Mom means kitchen, kitchen means love

By Sara Bir

Where does food come from? Maybe the garden or the grocery store or–God forbid–the 7-11. As for dinner, I know the origins. Dinner comes from Mom.

Well, dinner used to come from Mom. That’s what, traditionally, Moms do (or did): They fix dinner and pack your lunches. On your birthday, they make a cake, and they are the ones who go shopping to buy things to make the cake. It’s part of the job description: “Feed family.”

Dinner was very rarely up to my specs when I was a kid. I wanted fried chicken from the deli counter at the grocery store, and we got chicken taco casserole. I wanted fish and chips from the local deep-fry palace, and we got seafood gumbo. I wanted hamburgers from Burger King, and we got thick patties from the grill in the backyard. I wanted Spaghetti-O’s, and we got baked ziti. I wanted a fast-food restaurant, and I got a mother.

My mother was very much a mother of the ’70s–a time when recently liberated women were entering the work force, but it was still par for the course to grow and can your own green beans. Mom had a vast assortment of harvest-gold and avocado-green appliances–a yogurt maker, a waffle iron, an electric skillet, a Sunbeam mixer–and she put them to good use. I ate the results, but unless she was making cookies or a cake, I was rarely excited about it. And you can’t say she didn’t try:

Mom: What would you like for dinner tomorrow night, honey?

Honey: I dunno.

Mom: How about pork chops?

Honey: Umm, no.

Mom: What about chili? I have some top round I need to use.

Honey: No! It’s too spicy.

Mother: Well then, pot roast?

Honey: Pot roast? Yuck! (pause) Will you make canned biscuits?

Mother: (sigh) What would you like, sweetheart?

Sweetheart: Oh, I don’t care.

So come the next night, the loving brood gathers around the table after an hour of “Will you please set the table now?” and “I need you to turn off the TV and set the table like I asked you to 20 minutes ago” and “Turn off the TV already and go get your father; dinner’s been ready for 10 minutes!”–and what’s waiting for us? Stuffed green peppers! Oh, odious peppers!

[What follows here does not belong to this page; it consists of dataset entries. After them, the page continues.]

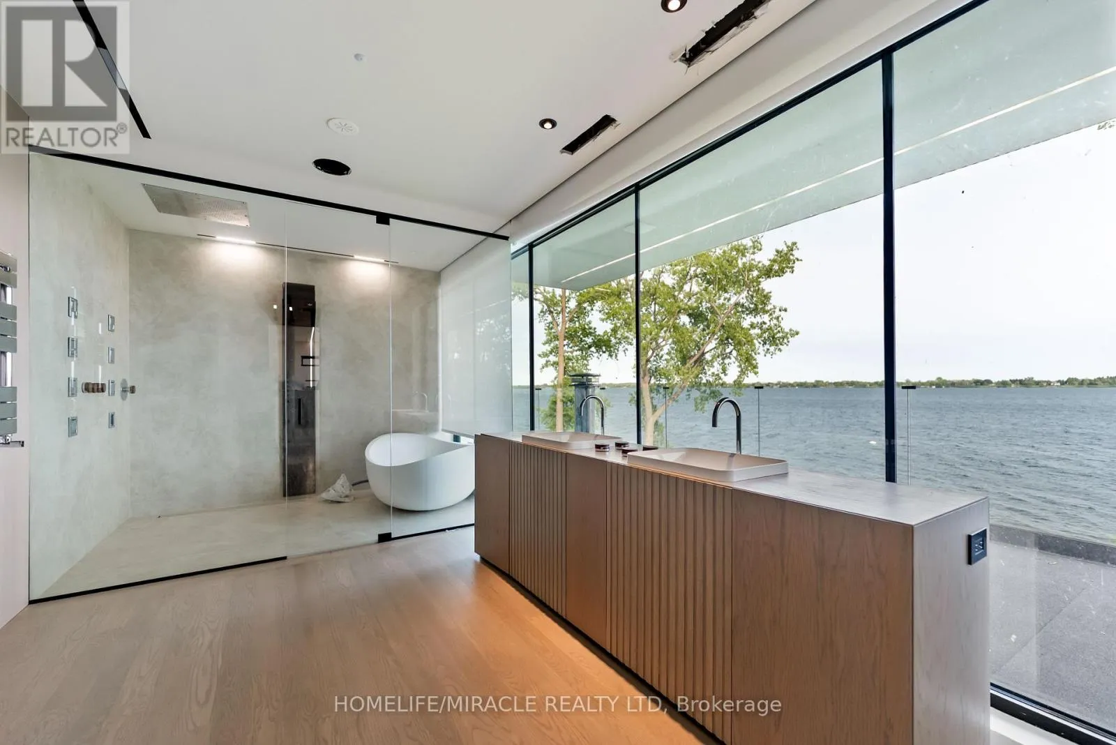 Old Highway 2/Wallbridge loaylist Rd Experience modern luxury in this nearly 5,000 sq. ft. architectural masterpiece overlooking the stunning Bay of Quinte. Offering approximately 6 bedrooms and 5 bathrooms, this exceptional waterfront residence blends striking design with everyday functionality-all just 1.5 hours from. Toronto.Soaring floor-to-ceiling windows flood the home with natural light, highlighting a dramatic floating staircase, curated European lighting, and imported designer countertops. The expansive chef's kitchen is an entertainer's dream, complete with premium finishes, abundant workspace, and seamless flow into the principal living and dining areas.Step onto private balconies and take in panoramic water views, or relax indoors with heated porcelain floors underfoot and spa-inspired designer bathrooms. Every detail reflects thoughtful craftsmanship and elevated architectural style.Additional features include a heated two-car garage with direct interior access and a durable heated concrete driveway that enhances both curb appeal and convenience.Whether hosting unforgettable gatherings or enjoying peaceful waterfront sunsets, this one-of-a-kind smart home offers a refined lifestyle defined by luxury, comfort, and breathtaking natural beauty. (id:27476)
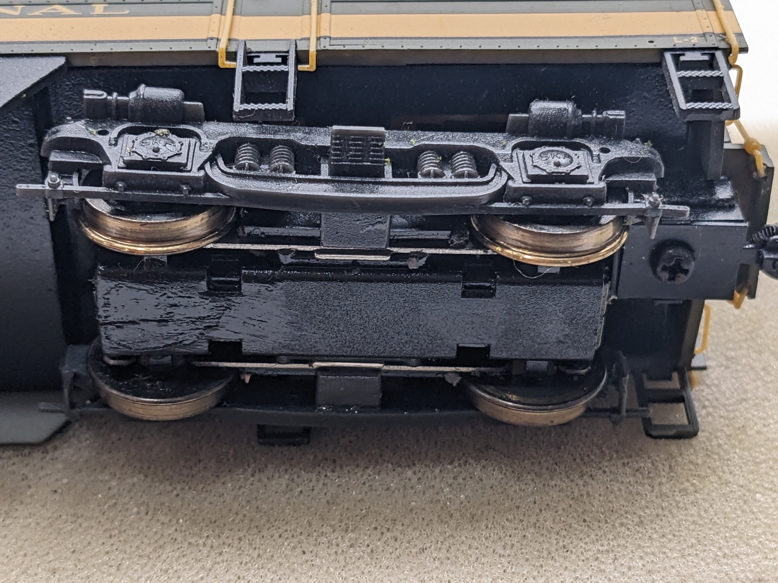 Missing grab iron on left rear corner, otherwise looks to be in good condition. DC, runs nicely both directions. Headlight works. Metal knuckle couplers. Includes original packaging and paperwork. Description:
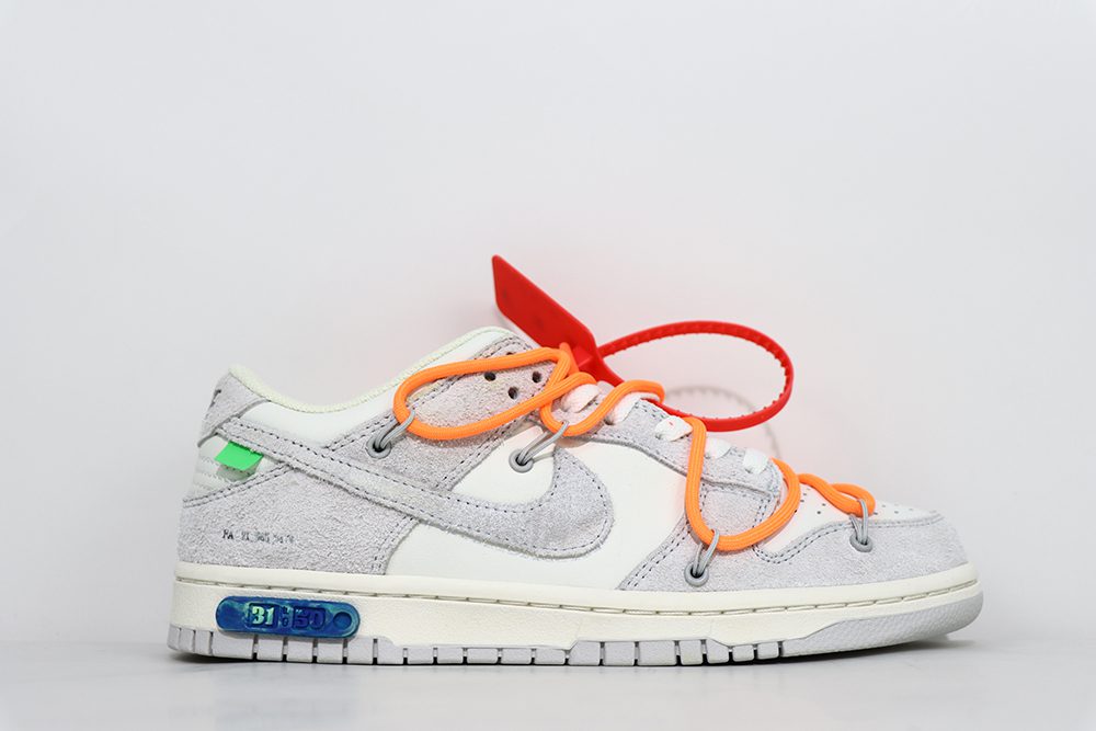 The Dunk x Off White Lot 31 is a highly sought-after sneaker from the exclusive ‘Dear Summer’ collection by Virgil Abloh and Nike. This limited edition Dunk Low features a clean white leather upper combined with soft grey suede overlays, accented by Off-White’s signature design elements such as a plastic zip tie, exposed foam tongue, and printed Helvetica text. A distinctive ’31 of 50′ badge on the lateral midsole marks its rarity, making the Dunk x Off White Lot 31 a prized piece for collectors and sneaker enthusiasts alike. Released in August 2021, this collaboration blends classic Dunk aesthetics with Off-Whites modern, deconstructed style, ensuring it stands out in any sneaker rotation. The Dunk x Off White Lot 31 perfectly balances style and exclusivity, embodying the innovative spirit of Virgil Ablohs design legacy.
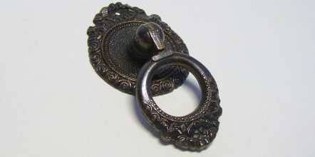 Kód produktu: 03800.16 Dvoudílný sklopný knopek ze slitiny zinku galvanicky pokovený patinou na mědi (pat.) nebo mosazí (Ms), dodávaný včetně šroubku M4. Rozměry: d.37 š.18 v.60 mm
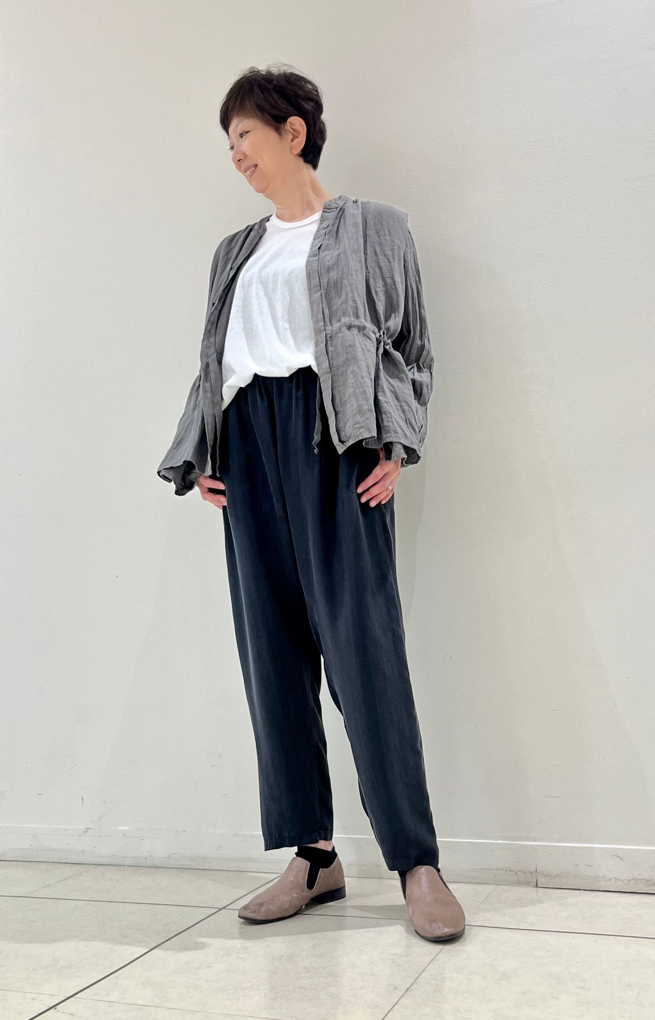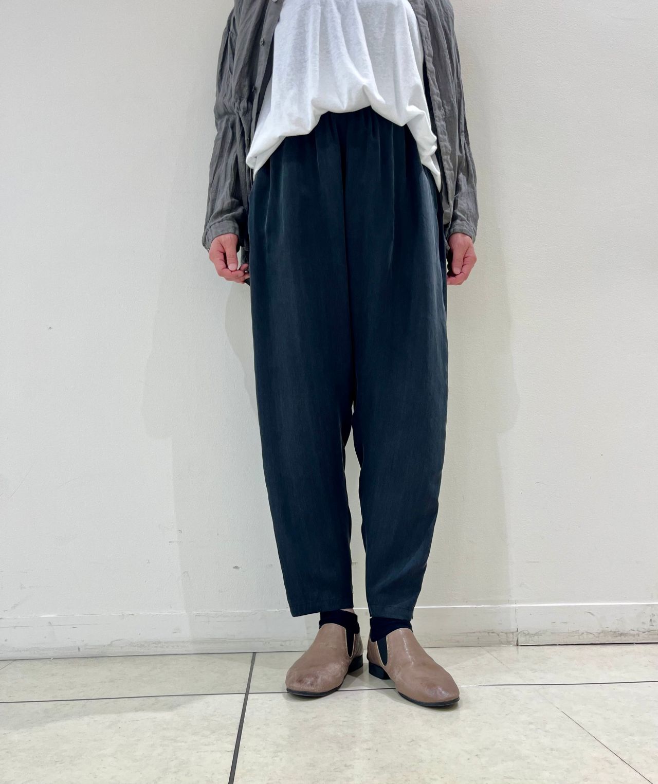 キュプラ特有のドレープ感で大人っぽい印象のルーズテーパードパンツ。
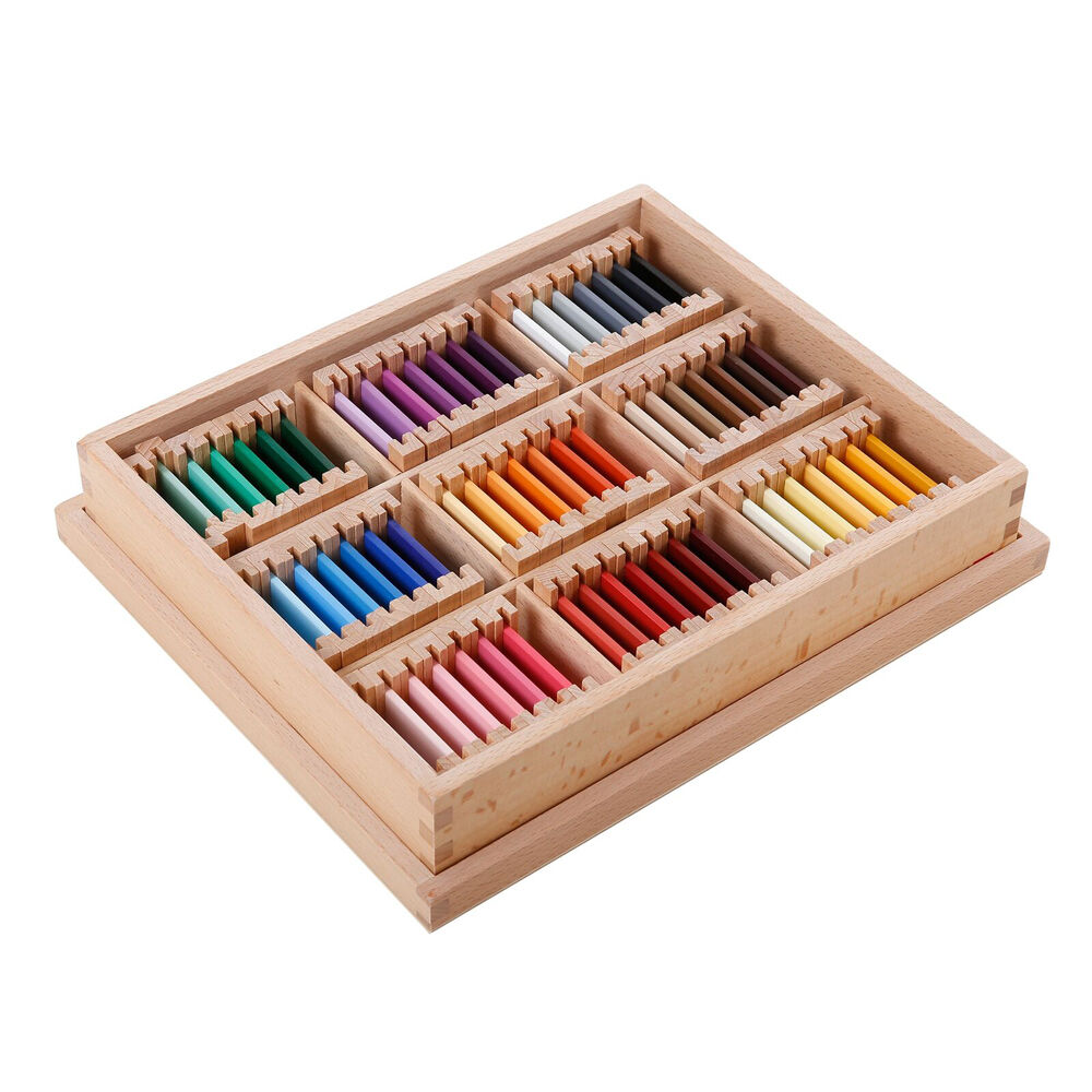 The Third Box of Color Tablets introduces the final stage in color discrimination—grading. It contains 63 wooden tablets representing nine colors, each available in seven graded shades: red, blue, yellow, green, purple, orange, brown, pink, and gray.
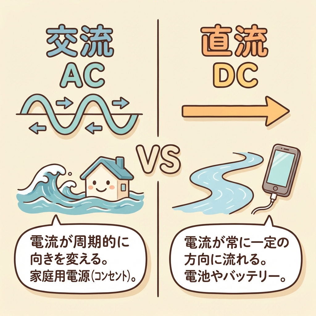交流は、電流の方向が常に行ったり来たりする電気です。海の潮が「満ちて、引いて」を繰り返すのと同じイメージですね。家庭のコンセントの100Vは、1秒間に50回(東日本)または60回(西日本)もプラスとマイナスが入れ替わっています。
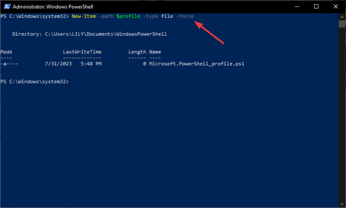 New-Item -ItemType File -Path $PROFILE -Force
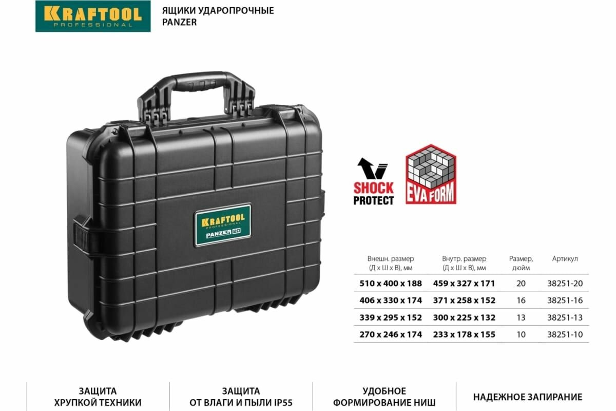 KRAFTOOL PANZER-20, 510 х 400 х 190 мм, (20"), IP55, ударопрочный пластиковый ящик (38251-20)

Even if I took the stuffing out of the pepper and pretended it was meatloaf like Mom said, never did they pique my child’s palate. When has meatloaf ever come from a soggy pepper? No wonder I refused to turn off the TV and set the table; Leave It to Beaver reruns were far more entertaining than the stuffed green peppers Mom was squandering away her talents on.

I don’t think people realize how much of a privilege and a gift it is to be able to have the responsibility of someone else. Cooking for yourself can be satisfying, but it misses half the point, the part where you say, “Look: I love you so much that I made you this yummy beet and orange salad, and I want you to eat it and feel good about yourself.” A privilege like that is easy to forget if you are already overbooked and having to stop at the store for milk on the way to pick the kids up from soccer practice, knowing full well there is a yard to be mowed and laundry to be washed.

It’s also easy to forget that cooking for others is a gift when the very people you are cooking for want to bring the gift back and exchange it. Suddenly, dinner becomes a power struggle. At the age of 10, facing those soggy stuffed green peppers, “Yuck!” was the first thing that came to mind, not “Gee, it’s so nice of Mom to put the effort into making wholesome meals for her family after she’s had to put up with grumpy engineers at work all day long.”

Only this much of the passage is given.